Dataset records:
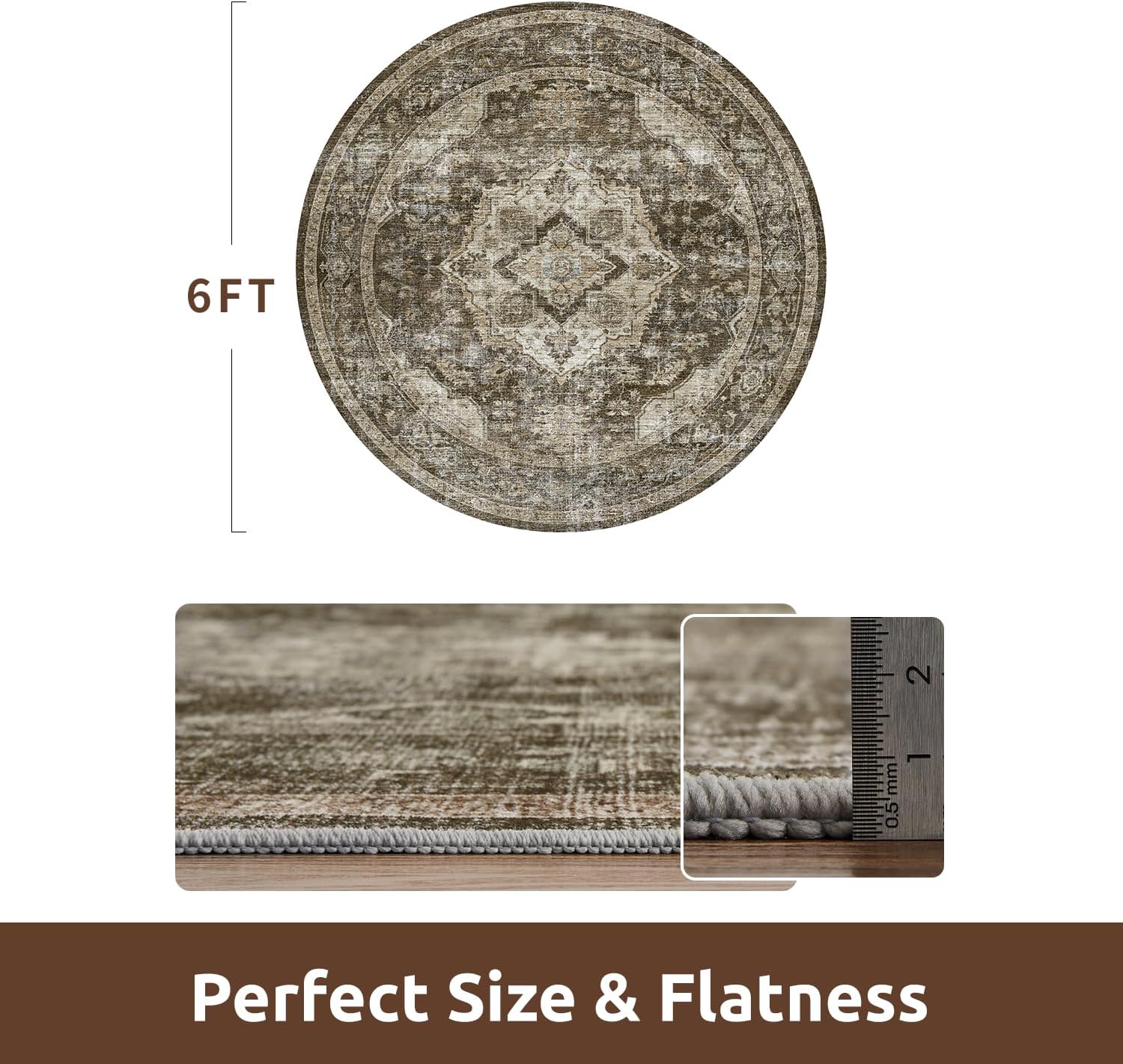 AMOAMI 6FT Round Rug - Vintage Soft Coffee & Brown Rugs for Living Room, Bedroom, Dining Room, Office - Non Slip, Machine Washable
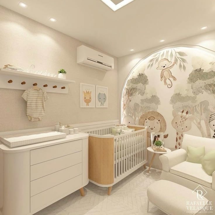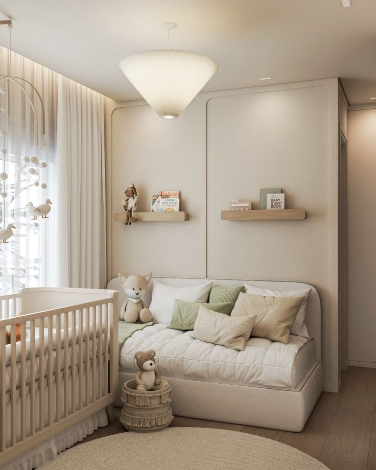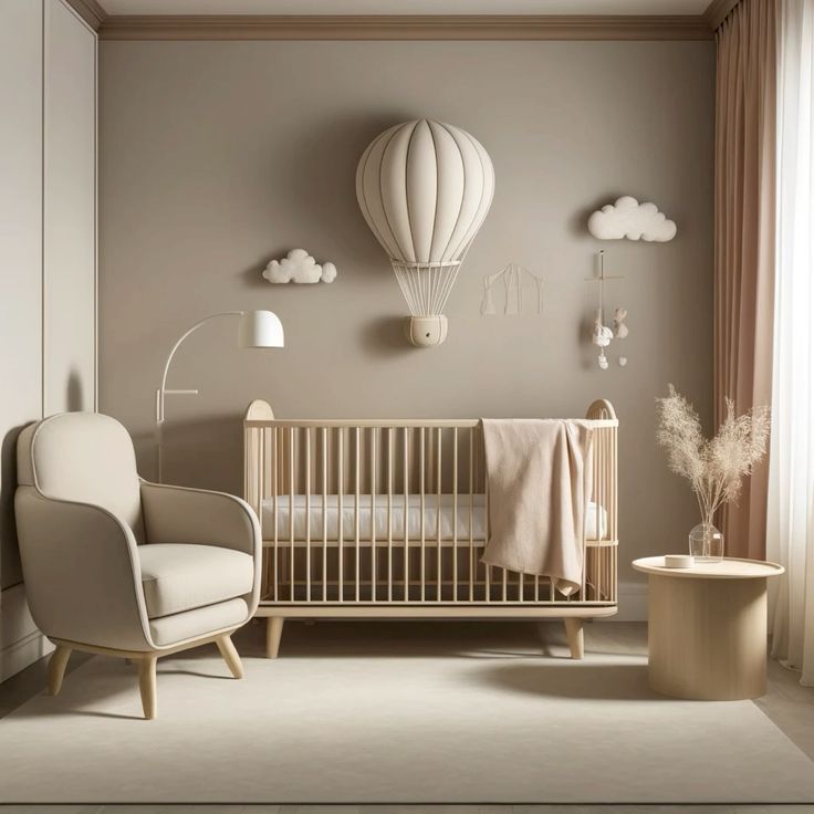 Mesmo em um quarto neutro, é possível adicionar personalidade através de pequenos detalhes. Quadros com ilustrações suaves, móbiles artesanais e luminárias com design lúdico conferem charme e individualidade ao espaço, sem comprometer a neutralidade da decoração.
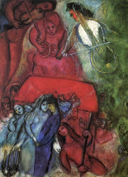 1950년 샤갈은 작품 '신부'(The Bride)에서 하얀 면사포를 쓰고 스칼렛 색상의 웨딩드레스를 입고, 부케를 들고 있는 신부를 그렸다. 염소가 결혼을 축하하는 첼로 연주 울려 퍼지는 몽환적인 작품이다.
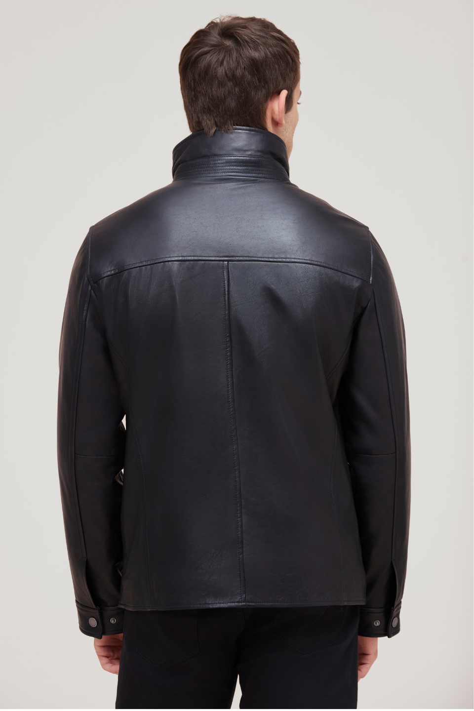 LANDON. Genuine lamb leather jacket includes details like three interior chest pockets, one with a zipper closure to keep your valuables safe, and a detachable quilted vest that can be worn on its own.
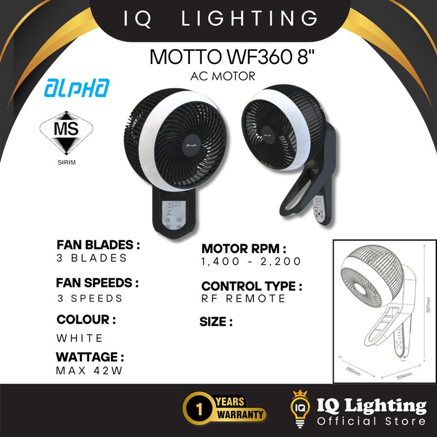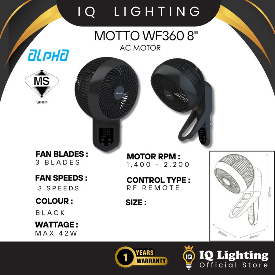 🔥FREE SHIPPING🔥 Alpha Motto Wall WF360 Wall Fan with Remote Designer Fan Collection Kipas Angin dinding Murah 墙壁风扇
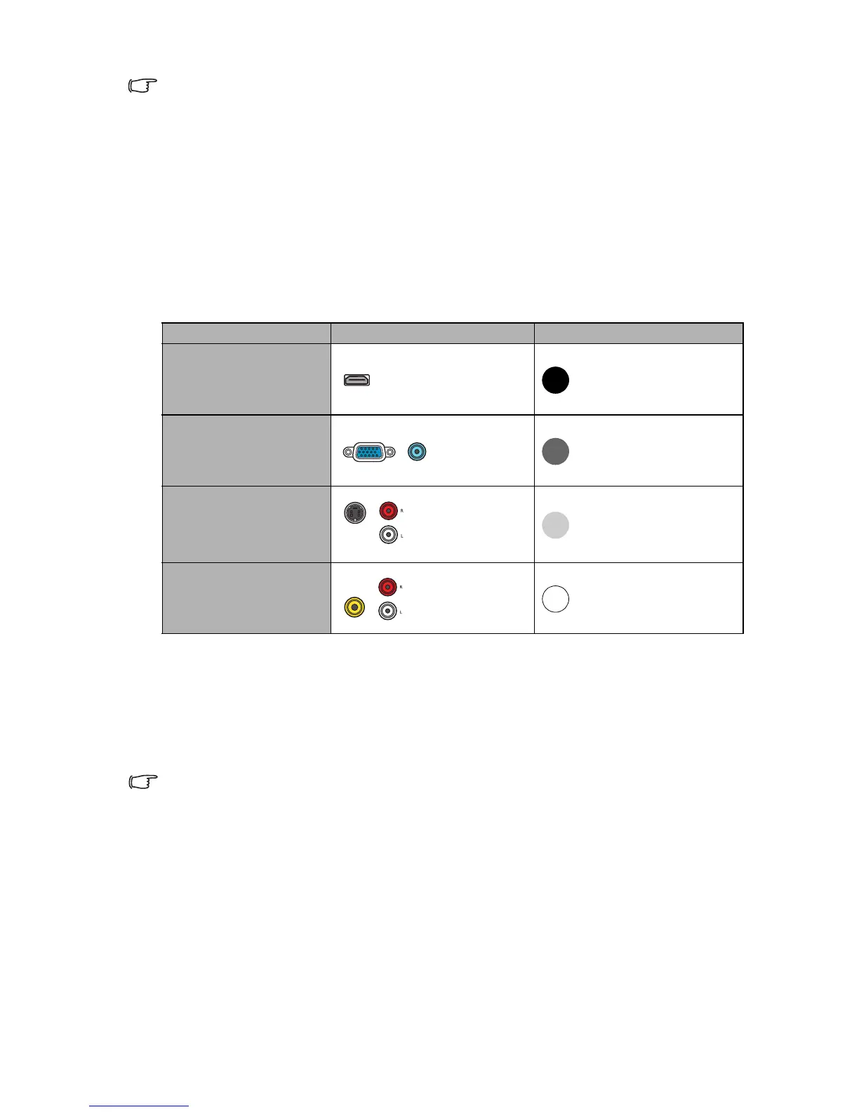• The projector is only capable of playing mixed mono audio, even if a stereo audio input is connected. See
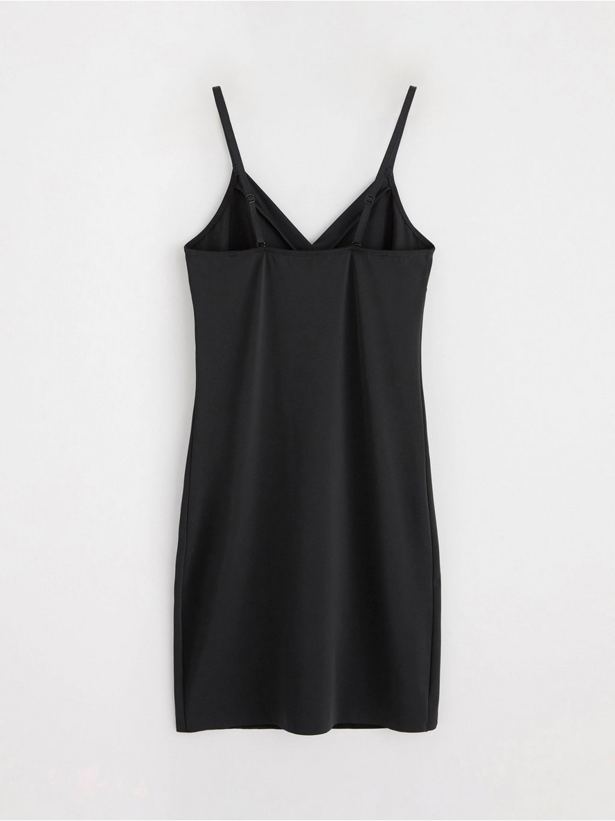 Istaknite svoju siluetu bez ugrožavanja udobnosti uz ovu oblikujuću haljinu. Elastični materijal oblikuje figuru, a haljina ostaje na mestu tokom celog dana zahvaljujući silikonskom rubu na donjem porubu.
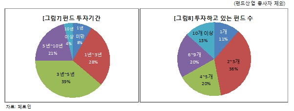 펀드 투자기간을 묻는 질문에서는 투자기간이 3년 이상이라고 밝힌 투자자가 60%를 넘어, 대부분의 펀드 투자자가 3년 이상 펀드를 장기 보유하고 있는 것으로 집계됐다. 또한 50% 이상의 응답자가 4개 이상 펀드에 투자하고 있다고 밝히는 등 여러 개의 펀드에 분산 투자하고 있는 투자자들이 많았다.
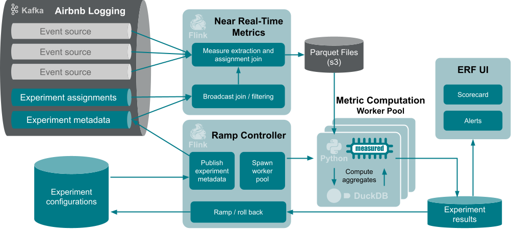 - Measured, a python library (invoked via a Python HTTP server and worker pool) that consumes enriched measures from S3, aggregates them, and runs stats to determine if any change is significant.

#### HOW TO COMPLETE THIS TASK:
The required output is the lines from the one containing "dinding Murah 墙壁风扇" through the end of the data, printed exactly, with no pictures.

#### REPLY:
 🔥FREE SHIPPING🔥 Alpha Motto Wall WF360 Wall Fan with Remote Designer Fan Collection Kipas Angin dinding Murah 墙壁风扇
• The projector is only capable of playing mixed mono audio, even if a stereo audio input is connected. See
 Istaknite svoju siluetu bez ugrožavanja udobnosti uz ovu oblikujuću haljinu. Elastični materijal oblikuje figuru, a haljina ostaje na mestu tokom celog dana zahvaljujući silikonskom rubu na donjem porubu.
 펀드 투자기간을 묻는 질문에서는 투자기간이 3년 이상이라고 밝힌 투자자가 60%를 넘어, 대부분의 펀드 투자자가 3년 이상 펀드를 장기 보유하고 있는 것으로 집계됐다. 또한 50% 이상의 응답자가 4개 이상 펀드에 투자하고 있다고 밝히는 등 여러 개의 펀드에 분산 투자하고 있는 투자자들이 많았다.
 - Measured, a python library (invoked via a Python HTTP server and worker pool) that consumes enriched measures from S3, aggregates them, and runs stats to determine if any change is significant.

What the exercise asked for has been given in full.